"When a state has an ongoing discussion about its laws, and its lawmakers' names are being brought up by federal agents, I will be hard to convince that there's any other reason than to send a message." -- Diane Sands, D-Missoula
MISSOULA, MT — The Drug Enforcement Agency has a new approach in its war against marijuana users: investigating lawmakers who push for marijuana law reform. In what can only be seen as scare tactics by the DEA to persuade law makers in other states to think twice about writing sensible marijuana legislation, a pro-marijuana liberal state legislator from Montana has come under investigation by the DEA.
Diane Sands (D-Missoula) has been very outspoken in the Montana state legislature, advocating for liberalized medical marijuana laws and also advocating for the federal rescheduling of marijuana, so that it becomes an issue that can be decided by individual states. The investigation began when a possible witness in a federal drug investigation was asked whether Sands might be part of a conspiracy to sell medical marijuana.

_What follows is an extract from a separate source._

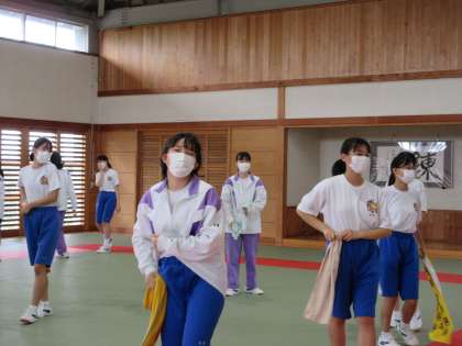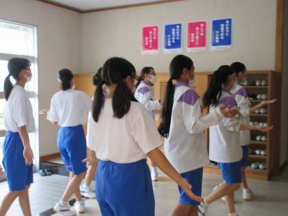 体育の授業で「ダンス発表会」を行いました。今日まで5時間練習をしてきました。曲に合わせて、傘やタオルを使い、表現がより良いものになるように頑張っていました。

The questions came from Drug Enforcement Administration who were investigating medical marijuana businesses. Other than her work as a lawmaker, Sands has no connections to medical marijuana, which is allowed under Montana state law. She contends that she has done nothing wrong other than advocate a point of view counter to the opinion held by federal law enforcement.
“So now, if you’re a state legislator who has been working on medical marijuana laws, you are somehow part of a conspiracy,” said Sands. “It’s ridiculous, of course, but it’s also threatening to think that the federal government is willing to use its influence and try to chill discussion about this subject.”
Sands, an avid historian who works as a director for the Historical Museum at Fort Missoula, has a reputation among lawmakers for comparing the present day battle over marijuana to other historical events in our nation’s past.
“Can you say McCarthy? This sounds like stuff from the House Un-American Activities Committee and Joe McCarthy. So once you talk about medical marijuana in reasonable terms, you’re on some sort of list of possible conspirators.”
“Any suggestion that the federal government is investigating me is very chilling,” she continues. “When you have government officials investigating lawmakers because of how they pursue their official duties, you have a problem.”
Neither the DEA nor the U.S. Attorney’s Office will say why Sands’ name came up. Assistant U.S. Attorney Jessica Fehr said the office can’t respond to specific inquiries about cases, and declined to talk in general about the U.S. attorney’s goals in terms of prosecuting medical marijuana cases.
“The bottom line is, there’s no reason for my name to come up,” said Sands. “So they can say what they want about who they are going to prosecute, but when a state has an ongoing discussion about its laws, and its lawmakers’ names are being brought up by federal agents, I will be hard to convince that there’s any other reason than to send a message.”